● Work item: Each line in the material below, starting at the one with "Umělá girlanda z" and ending at the one with "팔찌, 헤어밴드, 동백꽃 무늬의 제주도 소품들", is to be reproduced exactly; no picture is to be copied.

● Records supplied:
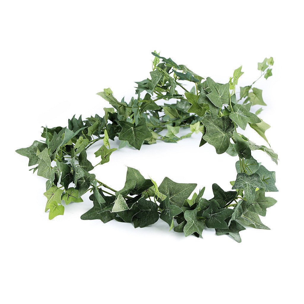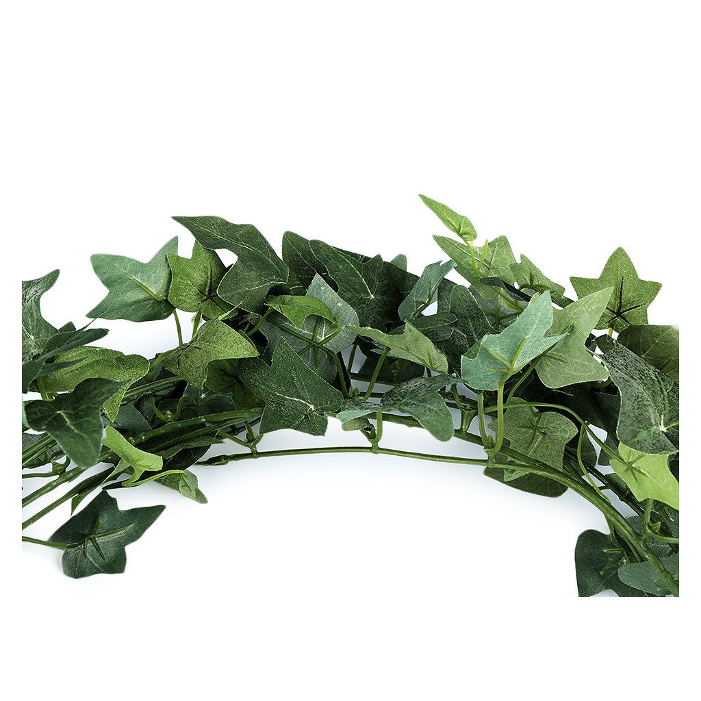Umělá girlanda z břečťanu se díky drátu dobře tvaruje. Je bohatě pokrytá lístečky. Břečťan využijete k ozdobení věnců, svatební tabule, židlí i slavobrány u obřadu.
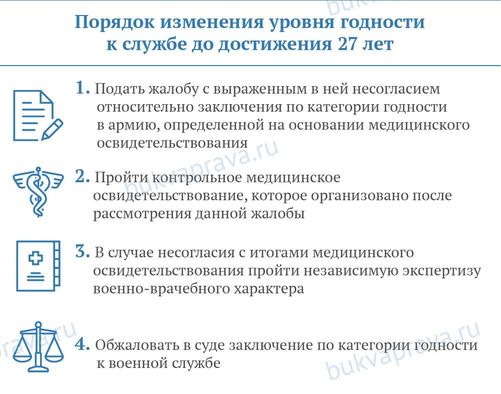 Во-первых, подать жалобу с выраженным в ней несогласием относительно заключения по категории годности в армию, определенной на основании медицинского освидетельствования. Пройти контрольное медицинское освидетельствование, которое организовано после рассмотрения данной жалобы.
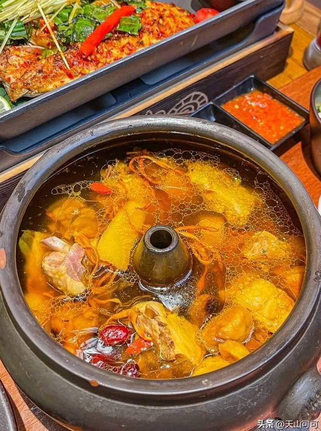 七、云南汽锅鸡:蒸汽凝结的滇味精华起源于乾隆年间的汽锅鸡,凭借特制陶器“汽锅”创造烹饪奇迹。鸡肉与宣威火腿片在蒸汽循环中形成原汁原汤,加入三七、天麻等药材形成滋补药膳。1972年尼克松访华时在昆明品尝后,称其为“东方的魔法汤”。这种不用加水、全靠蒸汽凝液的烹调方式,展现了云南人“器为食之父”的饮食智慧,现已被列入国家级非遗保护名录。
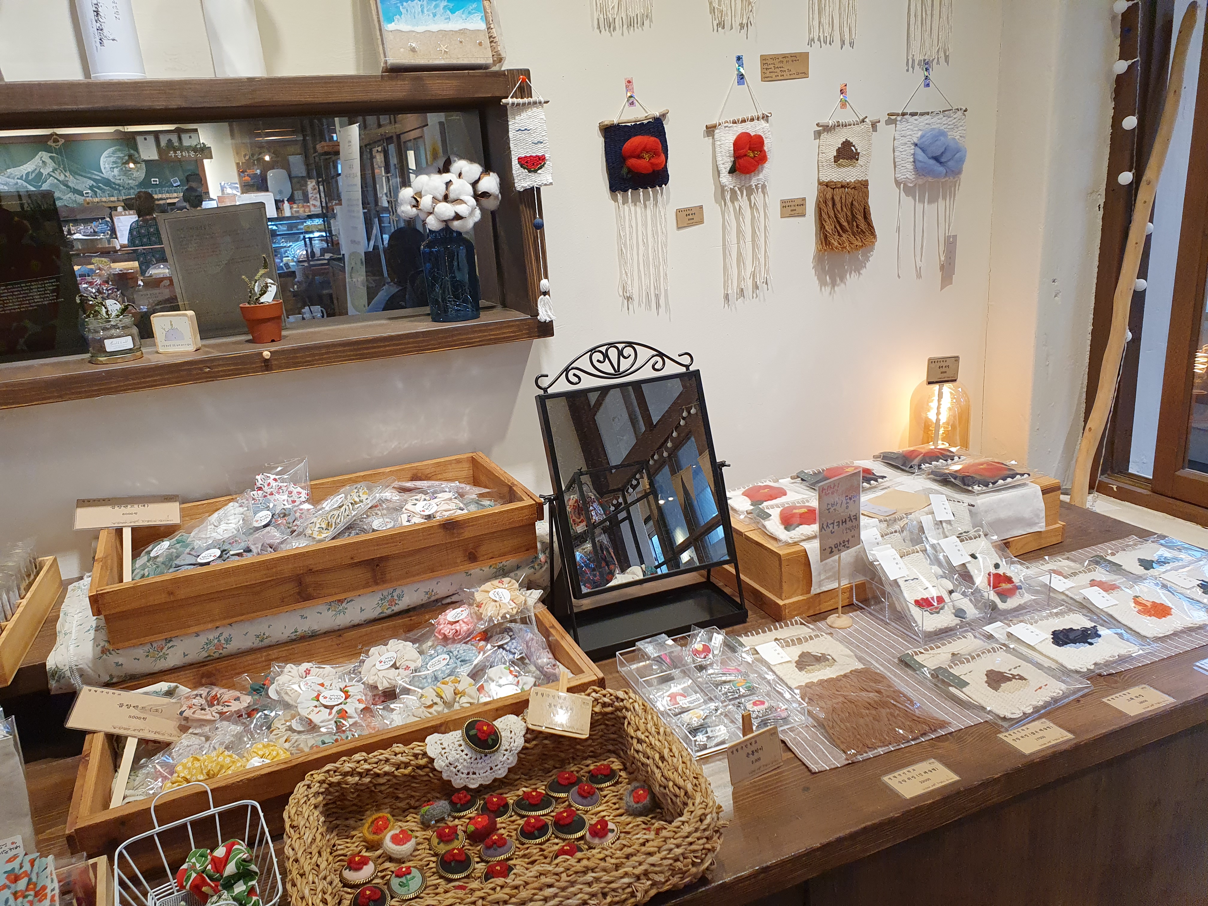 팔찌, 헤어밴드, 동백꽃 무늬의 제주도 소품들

---

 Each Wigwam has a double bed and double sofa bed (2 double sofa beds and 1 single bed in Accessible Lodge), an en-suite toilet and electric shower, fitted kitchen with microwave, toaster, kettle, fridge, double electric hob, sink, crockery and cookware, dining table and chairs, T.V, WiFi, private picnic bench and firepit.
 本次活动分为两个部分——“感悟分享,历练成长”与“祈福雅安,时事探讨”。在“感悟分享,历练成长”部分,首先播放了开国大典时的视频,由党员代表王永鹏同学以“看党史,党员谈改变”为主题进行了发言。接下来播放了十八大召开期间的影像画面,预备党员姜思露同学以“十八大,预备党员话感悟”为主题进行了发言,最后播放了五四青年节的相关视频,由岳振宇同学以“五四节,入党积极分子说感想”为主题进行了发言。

● Answer to this exercise:
Umělá girlanda z břečťanu se díky drátu dobře tvaruje. Je bohatě pokrytá lístečky. Břečťan využijete k ozdobení věnců, svatební tabule, židlí i slavobrány u obřadu.
 Во-первых, подать жалобу с выраженным в ней несогласием относительно заключения по категории годности в армию, определенной на основании медицинского освидетельствования. Пройти контрольное медицинское освидетельствование, которое организовано после рассмотрения данной жалобы.
 七、云南汽锅鸡:蒸汽凝结的滇味精华起源于乾隆年间的汽锅鸡,凭借特制陶器“汽锅”创造烹饪奇迹。鸡肉与宣威火腿片在蒸汽循环中形成原汁原汤,加入三七、天麻等药材形成滋补药膳。1972年尼克松访华时在昆明品尝后,称其为“东方的魔法汤”。这种不用加水、全靠蒸汽凝液的烹调方式,展现了云南人“器为食之父”的饮食智慧,现已被列入国家级非遗保护名录。
 팔찌, 헤어밴드, 동백꽃 무늬의 제주도 소품들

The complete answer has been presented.